Stack neurons all you want — line up a hundred layers, give each one a thousand neurons — and without one trick the whole stack collapses to a single neuron. The trick is nonlinearity. Picture a row of mirrors bouncing a beam of light down a hallway. Each mirror redirects the beam, but the final ray that comes out the far end is still a straight line; the mirrors only ever rotated the direction. Drop a glass prism into the middle of the row and the beam splits into a fan of colors, each one bending differently. The hallway becomes more than the sum of its mirrors. Inside a neural network the activation function is the prism. Without it the layers are mirrors. With it the network can curve.

Marvin Minsky and Seymour Papert proved this the hard way in 1969. Both were professors at MIT, and they had grown impatient with Frank Rosenblatt's perceptron — the trainable single-layer network from the previous lesson that the New York Times had promised would soon be conscious. They wrote a book called Perceptrons whose central proof concerned a function so simple a child can compute it: XOR, the exclusive-or. Two binary inputs go in, one binary output comes out. The output is 1 when the inputs disagree (one is 1, the other is 0) and 0 when they agree. Four input pairs total. Try to draw a single straight line through the unit square that puts the two 1-points on one side and the two 0-points on the other side. It cannot be done — the 1-points sit on one diagonal and the 0-points sit on the other. A single-layer perceptron is exactly such a line. Minsky and Papert showed it was, full stop, mathematically incapable of learning XOR. Funding evaporated. The first AI winter began and lasted a decade. Twenty years later George Cybenko at Tufts proved the way out: in a 1989 paper called Approximation by Superpositions of a Sigmoidal Function, he showed that one hidden layer of neurons with a nonlinear activation can approximate any continuous function on a closed bounded region to any precision you want.

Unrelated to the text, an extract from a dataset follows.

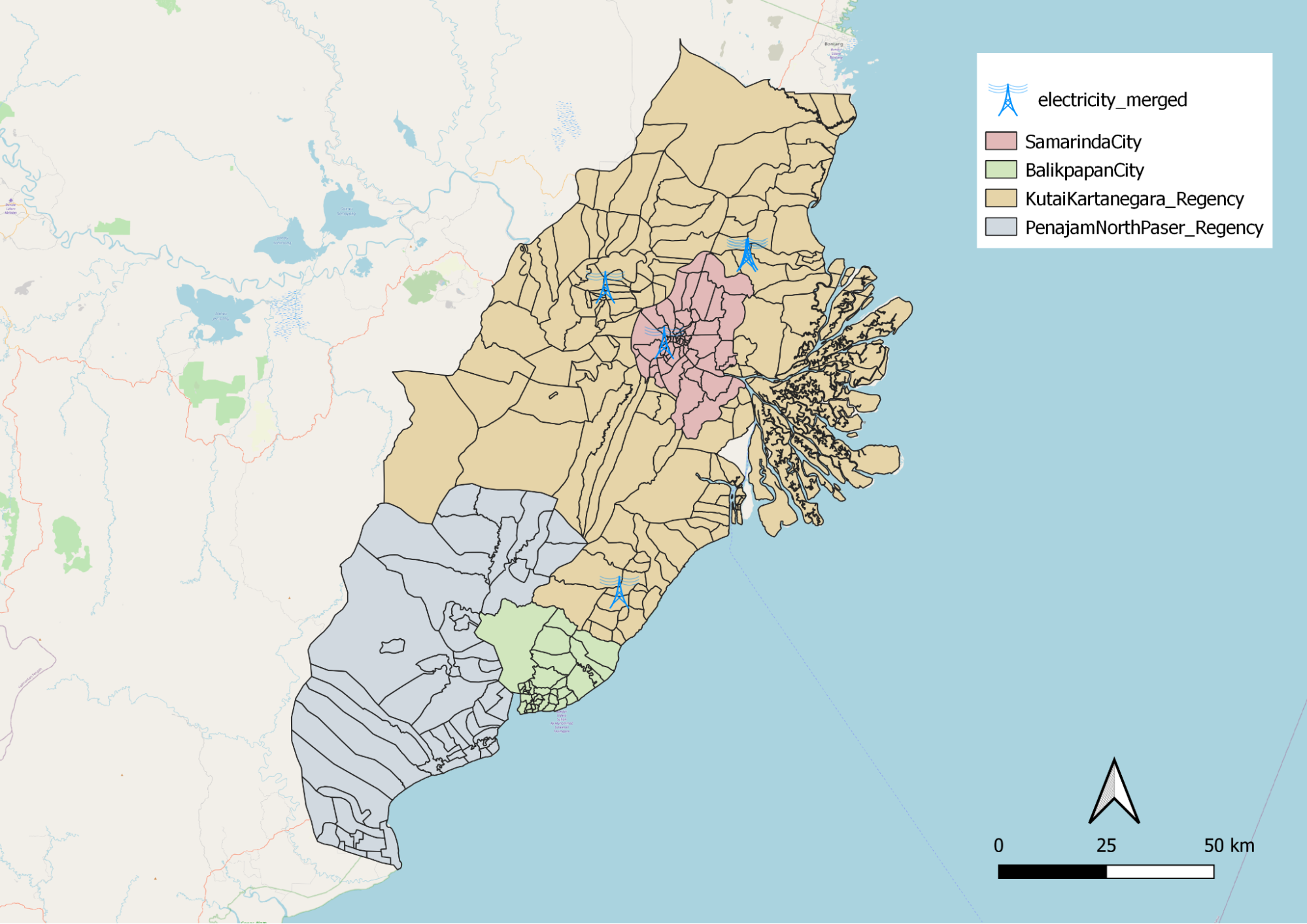 Electrical points are more prominent in Kota Samarinda and Kutai Kartanegara.These facilities provide infrastructure to further develop the country. It can be observed that the distribution of electrical towers are not evenly spread out as most of them are located in Kota Samarinda. This could be due to the fact that Kota Samarinda is the capital of East Kalimantan, and more modern buildings are located there.

Two years after that Kurt Hornik in Vienna strengthened the result — the universal approximation property holds for a wide family of activations, not just the sigmoid Cybenko had used. The theorem became known as universal approximation. The hidden layer was the prism.

Two networks with the same shape try to learn XOR: the linear stack can only ever cut a straight diagonal, while ReLU lets the boundary bend into the right corners.
Two networks with the same shape try to learn XOR: the linear stack can only ever cut a straight diagonal, while ReLU lets the boundary bend into the right corners.

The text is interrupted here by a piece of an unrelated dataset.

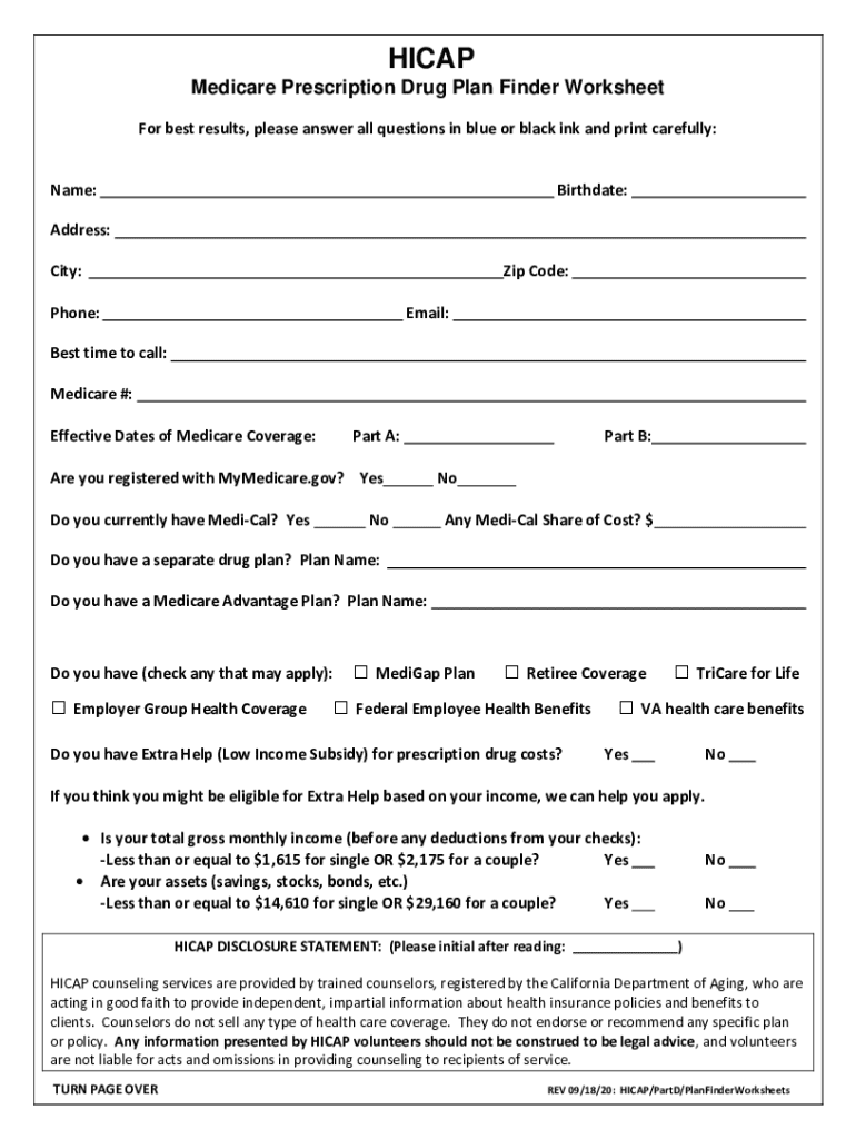 Complete the HCAP Medicare Prescription Drug Plan Finder Worksheet to assess your coverage and eligibility for aid in selecting the best plan for your needs.

The way to feel the proof is to build both networks side by side and watch one fail. Pure Python, no libraries — same as the last lesson. A LinearLayer is a row of weighted-sum neurons with no activation at all. A NonlinearLayer is the same row with ReLU clamped on the end. ReLU keeps the number if it is positive and replaces it with zero if it is negative; that single bend is the nonlinearity that does all the work.

import math
import random
 
 
def relu(x):
    return x if x > 0 else 0.0
 
 
class LinearLayer:
    def __init__(self, n_inputs, n_neurons):
        scale = math.sqrt(2.0 / n_inputs)
        self.weights = [
            [random.gauss(0.0, scale) for _ in range(n_inputs)]
            for _ in range(n_neurons)
        ]
        self.biases = [0.0 for _ in range(n_neurons)]
 
    def forward(self, inputs):
        outputs = []
        for row, bias in zip(self.weights, self.biases):
            total = bias
            for w, x in zip(row, inputs):
                total += w * x
            outputs.append(total)
        return outputs
 
 
class NonlinearLayer(LinearLayer):
    def forward(self, inputs):
        return [relu(value) for value in super().forward(inputs)]

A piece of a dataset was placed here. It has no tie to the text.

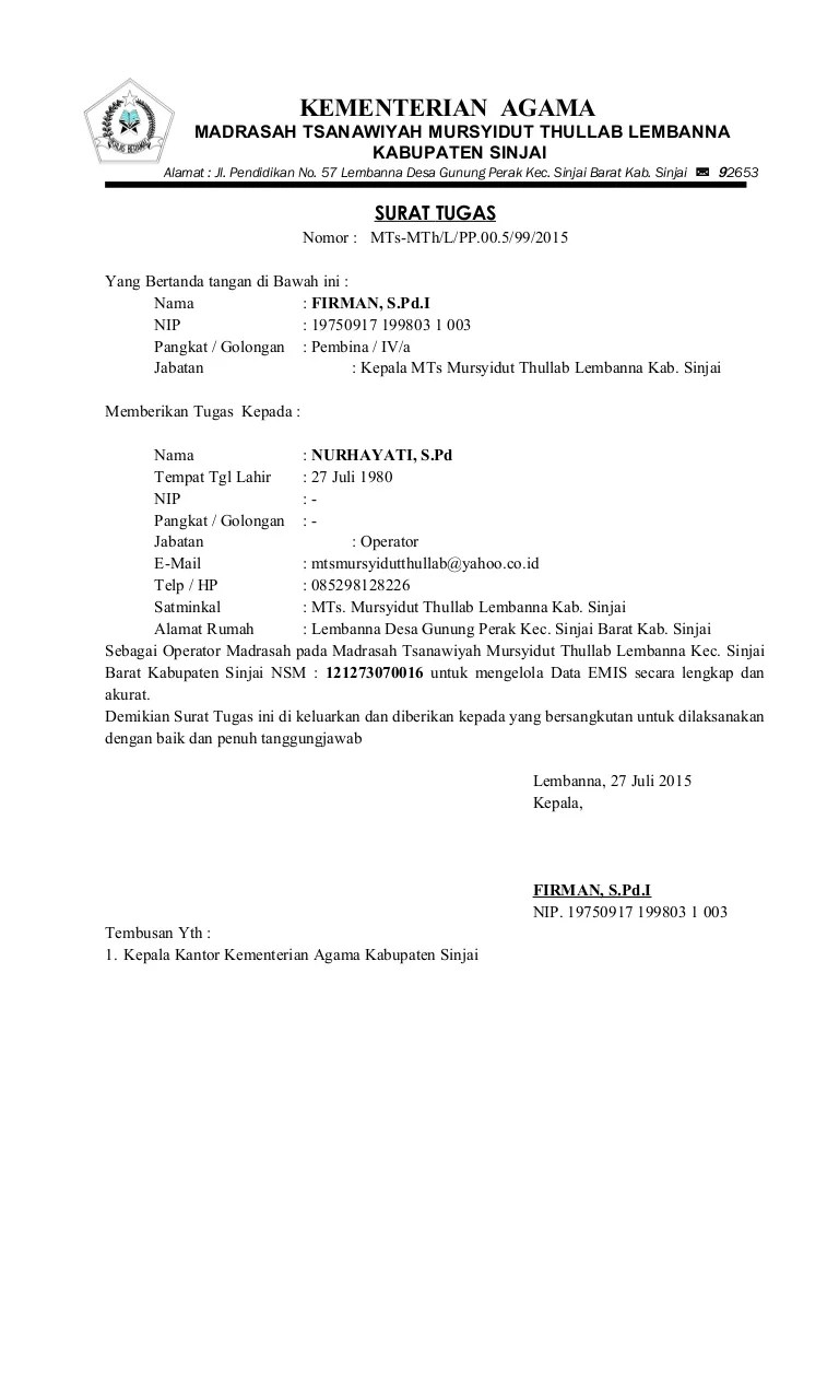 Guru dalam posisinya di struktur birokrasi sekolah adalah staff pengajar yang dibawahi oleh seorang kepala sekolah. Contoh surat tugas dari kepala desa. Bagian ini termasuk dalam kepala surat yang memempermudah urusan pengarsipan dan menerangkan secara singkat isi surat. Ketika kepala desa memberikan tugas khusus kepada perangkat desa atau bawahan . Surat perintah tugas (contoh surat tugas sebagaimana terlampir);.

The layers store weights as a list of rows so each row is one neuron's weight vector. A Network is a stack of layers exactly like the last lesson, and forward just walks the stack passing the output of one layer into the next.

class Network:
    def __init__(self, layers):
        self.layers = layers
 
    def predict(self, inputs):
        signal = inputs
        for layer in self.layers:
            signal = layer.forward(signal)
        return signal[0]

XOR is four points and four labels. Generate them by hand.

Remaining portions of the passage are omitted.